Folha - O sr. não havia prometido durante a campanha para a eleição da Mesa que iria atacar a questão dos CNEs, moralizar...
João Paulo -
Não. O que eu falei é que eu não iria aumentar. Foi isso o que eu falei.

Folha - O sr. aumentou em seis (até a semana passada).
João Paulo -
Sim. Mas hoje eu diminuí nove.

Folha - Ao contrário da grande maioria dos deputados, o presidente de comissão tem CNEs em mãos e pode colocá-los no seu gabinete ou na base dele, o que o sr. disse que é lícito, de certa forma fazendo campanha para o deputado. Isso não cria um desequilíbrio?
João Paulo -
Tanto isso não cria nenhum problema na Casa que ninguém reclama. Porque você tem o bônus político de ser o presidente da comissão, é verdade. E esse bônus permite contratar até três [CNEs], que podem chegar a 12. Mas a demanda que ele tem é muito grande. Mesmo nas comissões menores, a demanda é muito grande.

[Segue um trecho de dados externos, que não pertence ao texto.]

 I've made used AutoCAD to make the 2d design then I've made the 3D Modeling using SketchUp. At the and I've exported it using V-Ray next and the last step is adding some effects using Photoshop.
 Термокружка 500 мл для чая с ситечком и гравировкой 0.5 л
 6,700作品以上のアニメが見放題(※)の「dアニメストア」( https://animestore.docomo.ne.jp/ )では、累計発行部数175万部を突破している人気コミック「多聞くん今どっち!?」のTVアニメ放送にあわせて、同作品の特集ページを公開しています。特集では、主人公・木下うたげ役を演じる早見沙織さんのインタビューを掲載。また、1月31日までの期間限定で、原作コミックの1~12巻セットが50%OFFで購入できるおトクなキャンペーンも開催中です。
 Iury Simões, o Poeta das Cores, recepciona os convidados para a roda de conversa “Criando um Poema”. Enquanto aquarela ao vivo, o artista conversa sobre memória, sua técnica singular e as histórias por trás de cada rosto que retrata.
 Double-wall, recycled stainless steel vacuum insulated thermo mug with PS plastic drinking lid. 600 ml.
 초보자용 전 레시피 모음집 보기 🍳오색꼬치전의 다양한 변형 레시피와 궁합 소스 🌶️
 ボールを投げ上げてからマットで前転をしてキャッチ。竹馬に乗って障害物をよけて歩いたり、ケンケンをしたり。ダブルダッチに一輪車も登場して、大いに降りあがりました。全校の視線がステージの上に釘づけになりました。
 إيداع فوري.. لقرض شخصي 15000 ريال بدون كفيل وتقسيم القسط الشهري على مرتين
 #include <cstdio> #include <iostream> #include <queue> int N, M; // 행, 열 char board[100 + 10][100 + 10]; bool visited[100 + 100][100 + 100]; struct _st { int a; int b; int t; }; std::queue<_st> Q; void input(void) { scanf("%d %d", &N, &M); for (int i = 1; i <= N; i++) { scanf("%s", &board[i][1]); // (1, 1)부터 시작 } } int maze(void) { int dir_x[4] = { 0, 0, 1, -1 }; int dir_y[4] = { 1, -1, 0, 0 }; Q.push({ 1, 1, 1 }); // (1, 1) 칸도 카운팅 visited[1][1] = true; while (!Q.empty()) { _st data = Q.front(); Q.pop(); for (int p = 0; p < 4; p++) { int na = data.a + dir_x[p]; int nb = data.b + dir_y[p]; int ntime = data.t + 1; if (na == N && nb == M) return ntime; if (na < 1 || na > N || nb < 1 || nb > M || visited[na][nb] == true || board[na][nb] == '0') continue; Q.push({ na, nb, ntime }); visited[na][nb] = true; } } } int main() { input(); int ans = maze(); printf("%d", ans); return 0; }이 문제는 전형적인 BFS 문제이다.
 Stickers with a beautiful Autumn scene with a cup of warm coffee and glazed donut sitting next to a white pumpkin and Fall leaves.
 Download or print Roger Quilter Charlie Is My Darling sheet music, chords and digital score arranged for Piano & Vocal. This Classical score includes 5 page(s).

Folha - Há algo que o sr. possa fazer para moralizar essa questão?
João Paulo -
Mas eu não acho que seja imoral.

Folha - Nada a ser feito?
João Paulo -
Eu não acho que seja imoral, não significa que não há nada a ser feito.

Folha - Se não é ilegal que o CNE faça campanha política, não seria mais transparente deixar isso claro?
João Paulo -
Mas aí são interpretações diferentes. Para os cargos que são caracterizados como cargos políticos na Casa, do nosso ponto de vista, não há problema. O que não pode é ter gente nomeada na Câmara que não trabalhe. Isso é que não pode.

Folha - Se é o titular do órgão que determina se a pessoa trabalha ou não, ele não pode simplesmente dizer que ela está, mas não está? Isso não preocupa a Casa?
João Paulo -
Mas eu não posso partir do princípio de que o deputado é malandro. Não vou falar que o deputado é malandro e está assinando o ponto de quem não trabalha.

Folha - O ato que libera o ponto não está errado?
João Paulo -
Não. Não está errado para essas funções.

Folha - Qual o critério adotado para decidir quantos cargos vão para tal secretaria, quantos vão para outra?
João Paulo -
Há uma tabela.

Folha - Essa tabela foi criada como, com que critério?
João Paulo -
Há... Nenhum. No caso da Mesa, eu não sei.

Folha - O sr. pretende rever isso?
João Paulo -
Não, não vou rever.

Folha - Quando o sr. assumiu, não ocorreu de rever isso?
João Paulo -
[Rindo]O que me ocorreu foi montar a comissão da reforma tributária e da Previdência para ver se a gente melhora esse negócio. Mas não me ocorreu, não. Você vê que eu nem fui atrás para descobrir a origem disso.